@Laser
Genuine question: How do you personally know that the Bible in your home has the correct number of books? Keep the following in mind when you answer.
1. The Reformers themselves couldn't agree on the canon.
Luther demoted Hebrews, James, Jude, and Revelation to unnumbered appendix status, identical to how he treated the Apocrypha, and kept it that way in every edition he supervised until his death in 1545.
Calvin called Baruch "the Prophet" in his commentary on 1 Corinthians 10 and argued Paul borrowed from Baruch 4:7, a book every Protestant Bible today rejects.
Karlstadt (Luther's senior colleague who helped launch the Reformation) ranked Paul's epistles as subordinate to the Gospels and stripped them of equal authority with Christ's words.
Zwingli doubted the canonicity of Revelation, and the early Zurich Bibles (1524–1529) copied Luther's demotion of the same four NT books.
Chemnitz (the most important Lutheran theologian after Luther) still maintained a two-tier New Testament in the 1570s: 20 undisputed books and 7 that shouldn't be used to prove doctrine.
Calvin also had reservations about 2 John, 3 John, and Revelation, meaning he and Luther disagreed on which NT books were questionable.
By 1596, a Hamburg Bible explicitly labelled Luther's four demoted books as "Apocrypha," within Lutheranism itself.

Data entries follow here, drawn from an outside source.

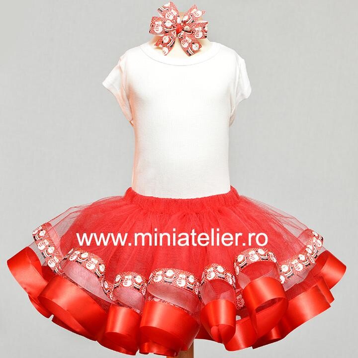Fustita tutu din tulle pemntru Craciun cu satin rosu si banda decorativa cu Mos Craciun si omuleti de zapada. Aceasta este pe elastic, din tul foarte moale, de calitate superioara, ales special ca sa nu incomodeze fetita in nici un fel. Talia este elastica si acoperita cu satin si lungimea este in general calculata acopere jumatate din pulpa piciorului, in asa fel incat, in momentul in care se umfla din cauza miscarii, sa fie o fustita mini Fustitele sunt accesorizate cu benzi colorate, tematice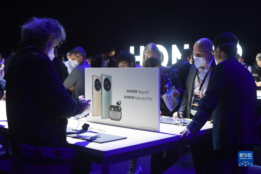 2月28日,人们在西班牙巴塞罗那2022世界移动通信大会上体验荣耀新产品。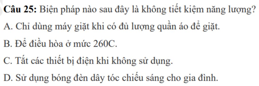 `-` Giải thích : Biện pháp không tiết kiệm năng lượng là sử dụng bóng đèn dây tóc chiếu sáng cho gia đình vì bóng đèn dây tóc tiêu thụ nhiều điện năng để sáng

2. For over a thousand years, the body of Christ received 73 books. The Councils of Hippo (393), Carthage (397), and Florence (1442) all affirmed the same list. Augustine laid out the method in On Christian Doctrine: follow the judgment of the greater number of Catholic churches, giving special weight to those founded by apostles. When he applied that method, he arrived at the exact 73-book Catholic canon. The first generation of Christians to disagree were the Reformers, and as point 1 shows, they couldn't even agree among themselves.
3. The method used to justify the change isn't biblical.
Calvin argued we can know which books are Scripture through an inward feeling, "a divine energy living and breathing in it." He claimed this was as easy as telling black from white. But Scripture itself never tells us to determine the canon this way. Strikingly, this is the exact method the Book of Mormon uses (Moroni 10:4-5, pray about it and you'll feel the truth) and the Quran uses (Surah 17, its beauty and doctrine prove its divine origin). Meanwhile, Jeremiah 17:9 warns us that "the heart is deceitful above all things." So what distinguishes the Protestant's internal feeling about 66 books from a Mormon's internal feeling about the Book of Mormon?
Kruger (whose book you referenced previously) tries to rescue this by shifting from the individual to the corporate: Christ's sheep hear His voice (John 10:27), and the Holy Spirit leads His people collectively to recognise the canon.
Calvin said you don't need the Church because each believer is inwardly led by the Spirit. Kruger says actually, it's the corporate body of believers that the Spirit leads. These are opposite claims.
Calvin's version fails because the individuals (as point 1 shows) couldn't agree. Kruger's version fails because the corporate Church's answer for over a millennium was 73 books (point 2).
They've switched arguments precisely because neither one works, and the two arguments contradict each other.
If the Spirit leads individuals, why did the Reformers get different answers? If the Spirit leads the corporate body, why did Protestants break from that body's unanimous canon?
So, how do YOU personally know the Bible in your home has the correct number of books?